= Beylerbeyi event =

Military conflict

Beylerbeyi event (Beylerbeyi Vakası) was a revolt in the Ottoman Empire in response to currency debasement in April 1589, during the reign of Murat III.

== Background ==
During the Ottoman–Safavid War (1578–1590), the Ottoman military expenditures increased sharply. Meanwhile, state revenues began to decrease because of Jelali revolts in Anatolia. The result was a budget deficit. Murat III decided to devalue the coins. Between the reign of Suleyman the Magnificent and his grandson Murat, the value of a gold coin rose from 63 akçes (silver coin as the Ottoman monetary unit) to 120 akçes. The ensuing economic crisis hit the fixed income of servants and slave soldiers, such as janissaries.

== Rebellion ==
The janissaries revolted demanding a rise in their salary. They further asked for the execution of two Ottoman civil servants. One of them, Mahmut Efendi, was the chief treasurer (defterdar). The other one was Doğancı Mehmet Pasha, the beylerbey (high governor) of Rumeli who was accused of being the sultan's advisor in devaluation. Although the sultan initially tried to protect his prestige and two of his subordinates, he finally gave up. At the end of the negotiations, the salaries were increased and the two civil servants were sacrificed. They were immediately killed by the janissaries. The Grand Vizier Kanijeli Siyavuş Pasha was fortunate, for he was only dismissed from his post.
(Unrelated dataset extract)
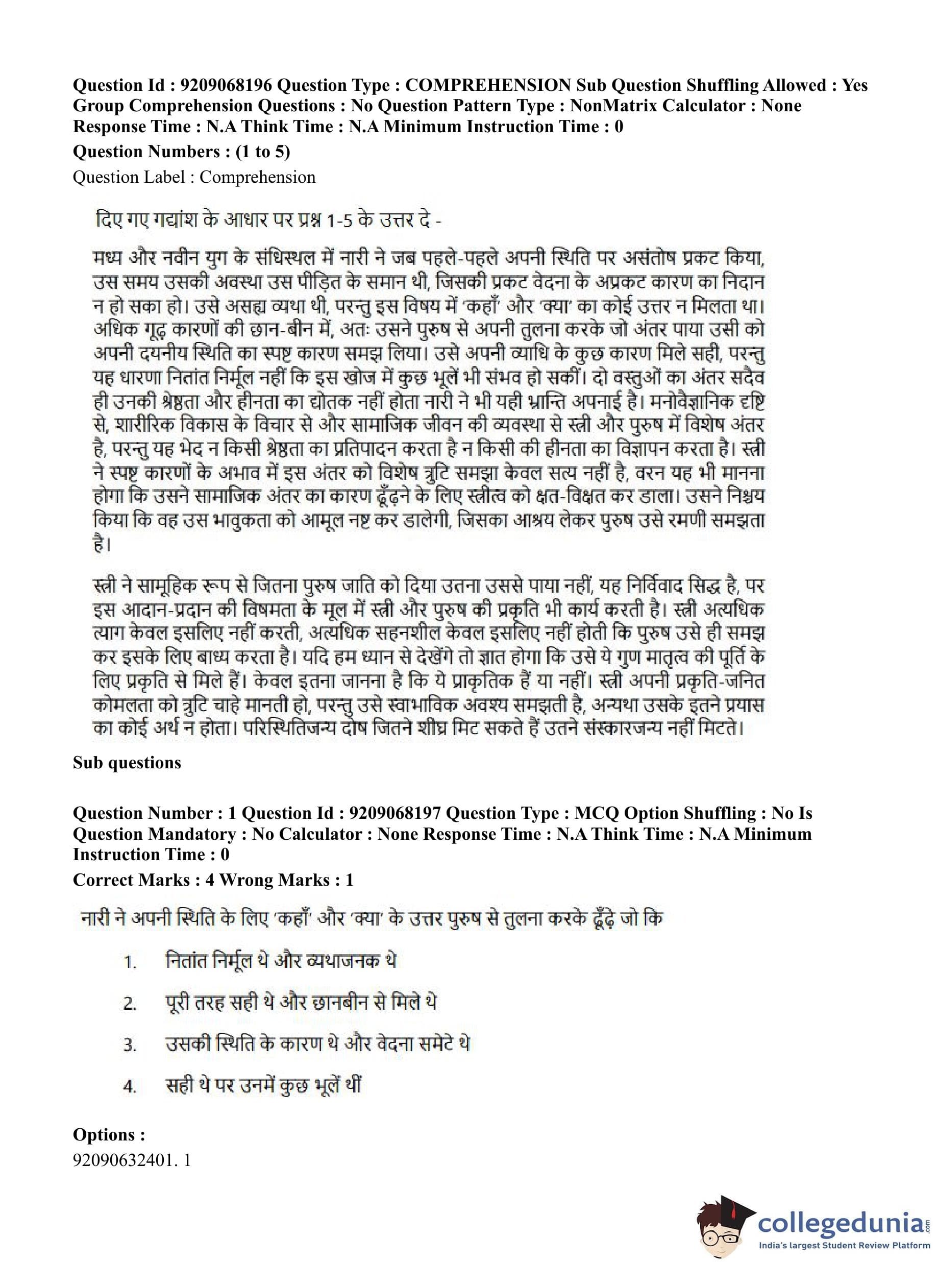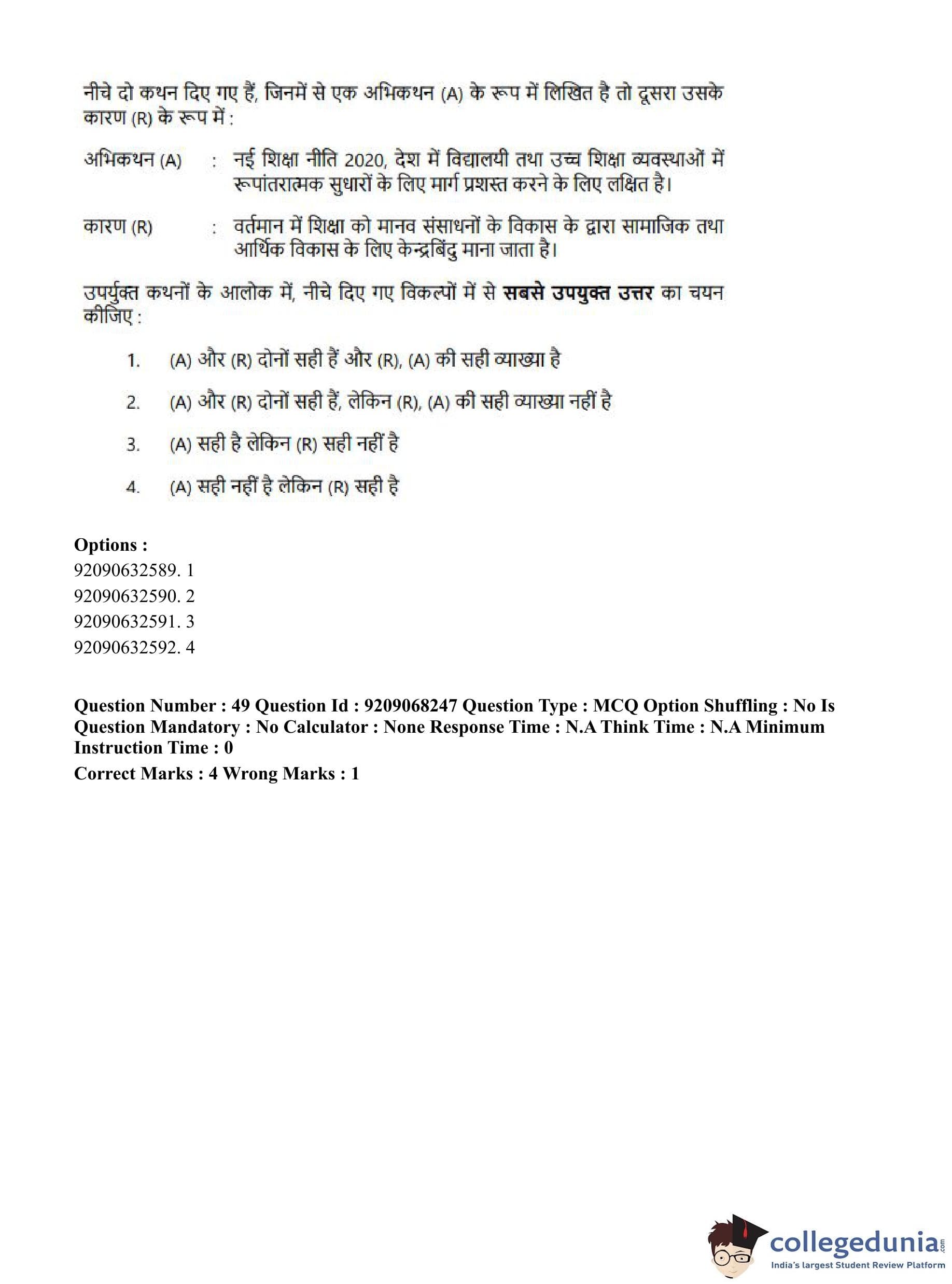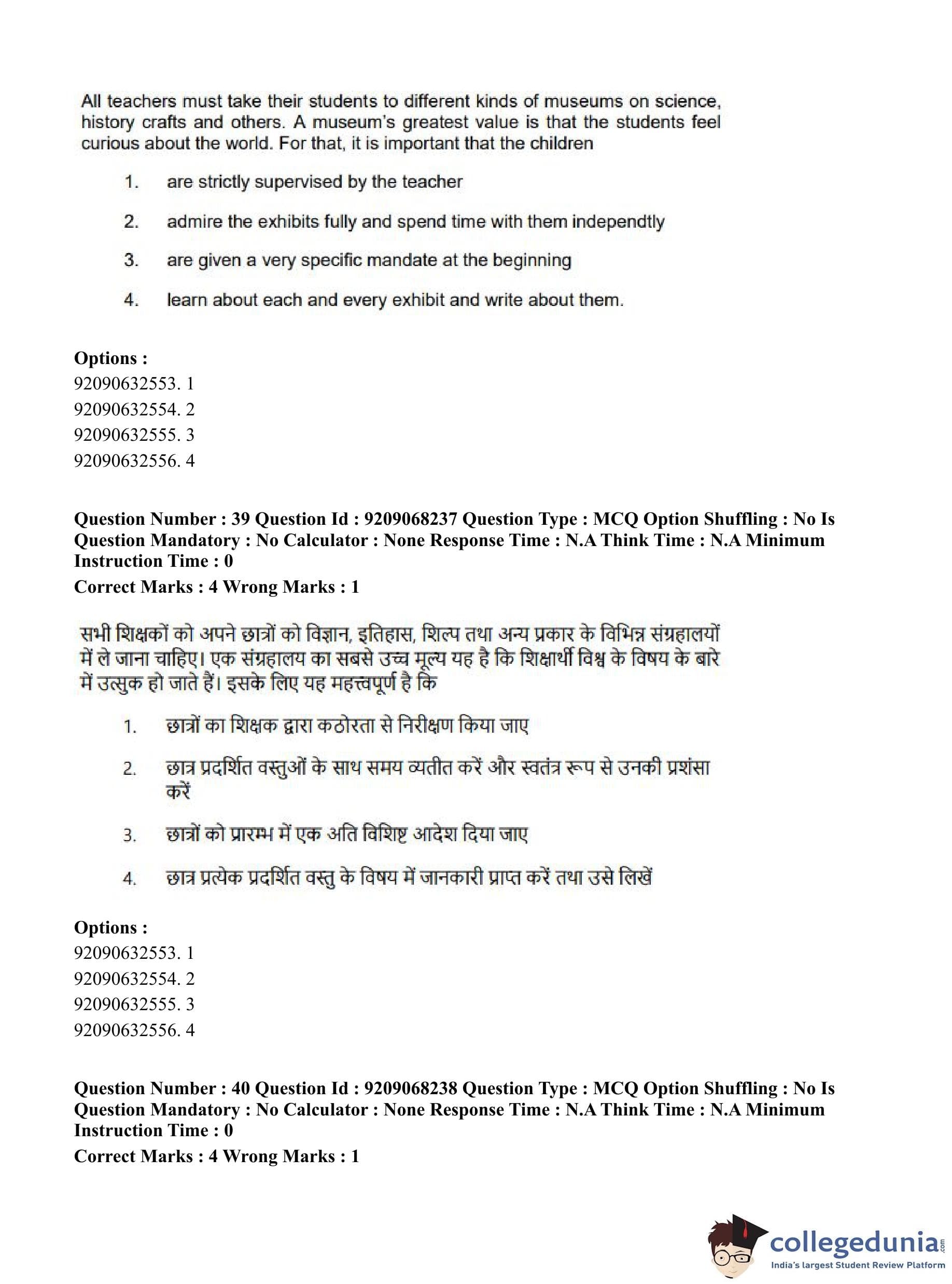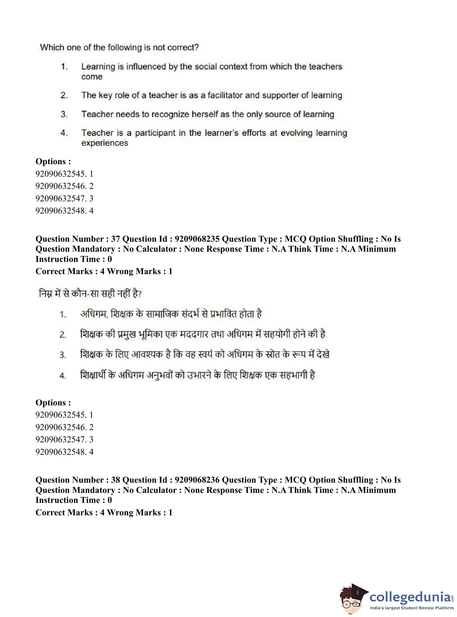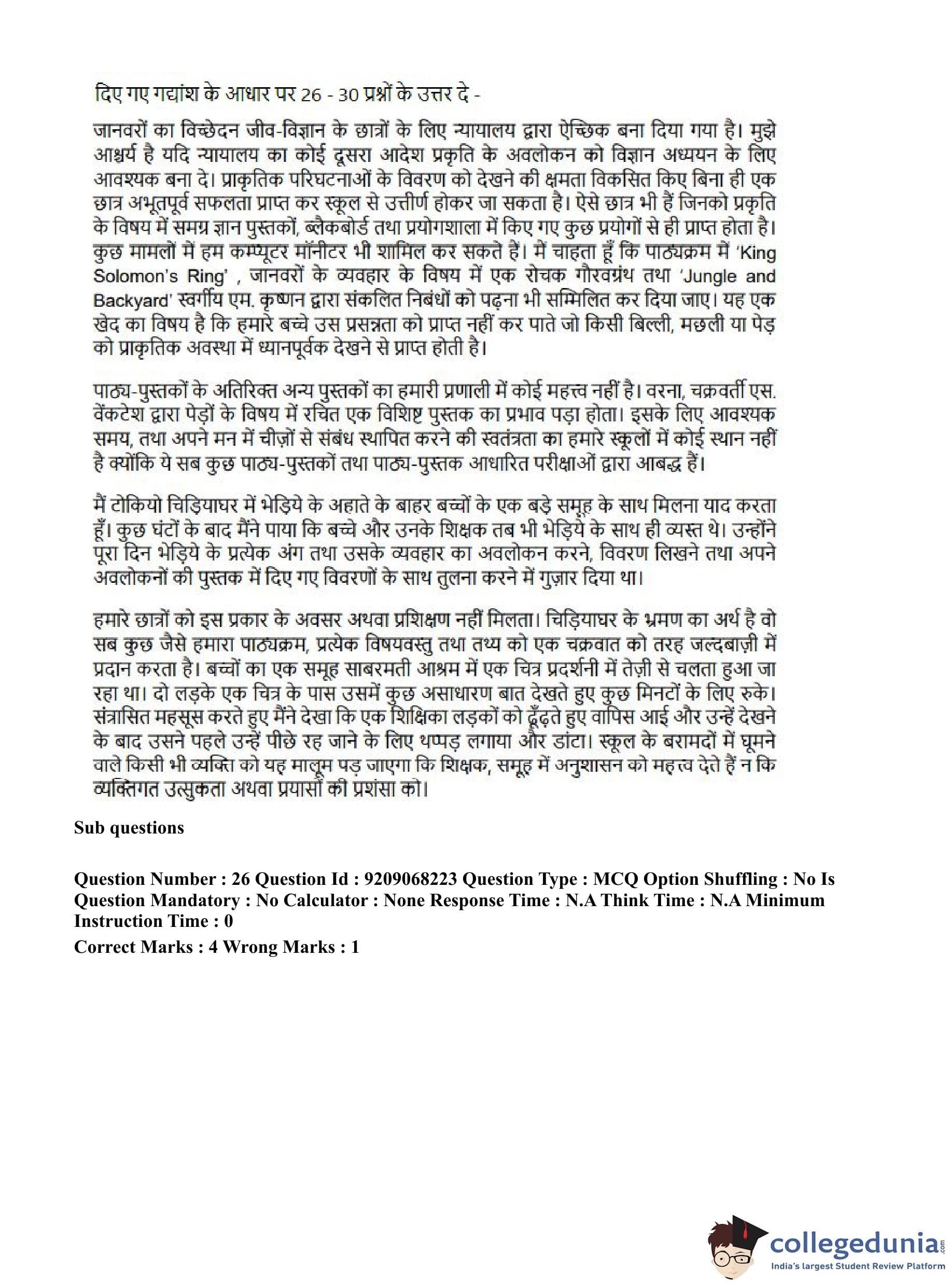CUET PG 2023 B.Ed Question Paper with Answer Key PDF in Hindi is available for download here. The exam was conducted by National Testing Agency (NTA) on June 8, 2023 in Shift 2. The question paper comprised a total of 100 questions divided into 2 sections.

Following the rebellion of janissaries the sipahis also revolted demanding a rise in their salaries. But during the negotiations in the palace yard, an unidentified person in the crowd gave a command to attack the sipahis and the bostanjis (palace guards) caught sipahis off guard, killing about 400 of them. This ended the sipahi rebellion.

== Constantinople riots ==
The Beylerbey incident was the first example of military revolts, in which civil servants were killed by soldiers. In the following years, a number of civil servants and even the sultan (Osman II) in one case, were killed in more serious riots by soldiers. Historians call such riots and rebellions Constantinople rebellions (İstanbul İsyanları).